Me an other colleagues organized an Special Issue of some Journal (indexed by ISI) and after having accepted some of the submitted papers (10 in total), we wrote an editorial, which will also appear in the Journal. Do you think such effortless papers can be considered or cited in a CV as a regular paper or should be put into another section?
1 Answer
I am editing an ISI listed journal and have also noticed that the editorials I or others write end up as if they were regular publications and obtain citations. I do not think they should be considered as such but believe it simply is a flaw in the system. The persons entering data or who made the system that scans published papers simply cannot distinguish between editorials and papers, despite the word "Editorial:" occurring in the title of such contributions in "my" journal. Since these editorials are not reviewed by others than the editors-in chief (in my case) they are not fully peer reviewed and would definitely not pass a regular review since they were never intended as journal articles.
So, do one want to put an editorial "paper" in the CV? I do not think it belongs under the heading of papers published in refereed journals. But, having written an editorial means you have been instrumental to produce a thematic journal issue and so you can list it in conjunction with "meriting academic missions" (or whatever you might call it).

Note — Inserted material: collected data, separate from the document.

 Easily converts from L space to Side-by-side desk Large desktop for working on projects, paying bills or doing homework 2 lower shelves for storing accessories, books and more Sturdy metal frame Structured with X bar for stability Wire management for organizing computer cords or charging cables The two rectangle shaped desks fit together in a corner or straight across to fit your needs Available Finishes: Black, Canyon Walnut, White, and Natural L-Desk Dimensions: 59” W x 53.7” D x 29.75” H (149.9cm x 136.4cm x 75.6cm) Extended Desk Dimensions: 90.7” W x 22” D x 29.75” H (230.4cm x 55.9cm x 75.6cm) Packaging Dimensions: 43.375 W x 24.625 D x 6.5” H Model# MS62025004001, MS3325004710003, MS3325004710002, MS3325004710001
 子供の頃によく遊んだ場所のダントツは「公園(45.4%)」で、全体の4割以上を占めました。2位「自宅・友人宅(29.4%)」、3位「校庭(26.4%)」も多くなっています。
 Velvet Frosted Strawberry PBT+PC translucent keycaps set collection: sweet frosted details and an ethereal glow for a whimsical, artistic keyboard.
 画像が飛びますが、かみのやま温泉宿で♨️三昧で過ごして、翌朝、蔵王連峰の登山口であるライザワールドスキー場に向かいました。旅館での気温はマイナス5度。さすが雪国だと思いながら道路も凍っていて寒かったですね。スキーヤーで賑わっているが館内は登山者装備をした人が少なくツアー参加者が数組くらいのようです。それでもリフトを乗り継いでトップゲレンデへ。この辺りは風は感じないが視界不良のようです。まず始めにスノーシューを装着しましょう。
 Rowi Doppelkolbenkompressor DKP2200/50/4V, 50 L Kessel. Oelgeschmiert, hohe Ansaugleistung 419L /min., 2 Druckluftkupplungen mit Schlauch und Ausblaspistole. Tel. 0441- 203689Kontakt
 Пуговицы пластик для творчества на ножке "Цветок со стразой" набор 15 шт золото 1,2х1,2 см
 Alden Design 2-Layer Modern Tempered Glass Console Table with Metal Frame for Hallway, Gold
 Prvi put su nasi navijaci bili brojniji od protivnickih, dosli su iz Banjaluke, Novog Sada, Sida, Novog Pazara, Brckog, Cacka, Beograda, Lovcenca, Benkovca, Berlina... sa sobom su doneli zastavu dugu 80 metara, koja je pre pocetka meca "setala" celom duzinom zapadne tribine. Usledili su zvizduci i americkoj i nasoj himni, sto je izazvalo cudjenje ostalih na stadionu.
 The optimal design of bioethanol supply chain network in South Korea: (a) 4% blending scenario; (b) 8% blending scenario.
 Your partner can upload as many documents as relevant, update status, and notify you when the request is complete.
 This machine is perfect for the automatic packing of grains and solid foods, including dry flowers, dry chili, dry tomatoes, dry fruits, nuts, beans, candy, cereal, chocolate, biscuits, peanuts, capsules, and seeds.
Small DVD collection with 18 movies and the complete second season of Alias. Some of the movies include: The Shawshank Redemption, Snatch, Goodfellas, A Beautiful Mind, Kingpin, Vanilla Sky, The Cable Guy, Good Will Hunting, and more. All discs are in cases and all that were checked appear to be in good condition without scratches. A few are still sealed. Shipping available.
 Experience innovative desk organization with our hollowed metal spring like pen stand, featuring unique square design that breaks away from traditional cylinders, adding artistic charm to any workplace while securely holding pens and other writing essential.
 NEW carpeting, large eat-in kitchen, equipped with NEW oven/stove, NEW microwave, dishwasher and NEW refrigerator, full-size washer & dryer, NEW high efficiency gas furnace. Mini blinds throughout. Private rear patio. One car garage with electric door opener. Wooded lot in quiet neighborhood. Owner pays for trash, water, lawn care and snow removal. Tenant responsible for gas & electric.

It will represent the journal issue and the work done there which, in my opinion, is probably worth more than a paper. The fact that it might also be cited can be taken as indicating interest in the jorunal issue that you have summarized in the editorial, but should be kept separate from regular papers.
I should add as a final note that the key for me is whether or not the contribution has been properly peer reviewed. I doubt many editorial receive proper peer review.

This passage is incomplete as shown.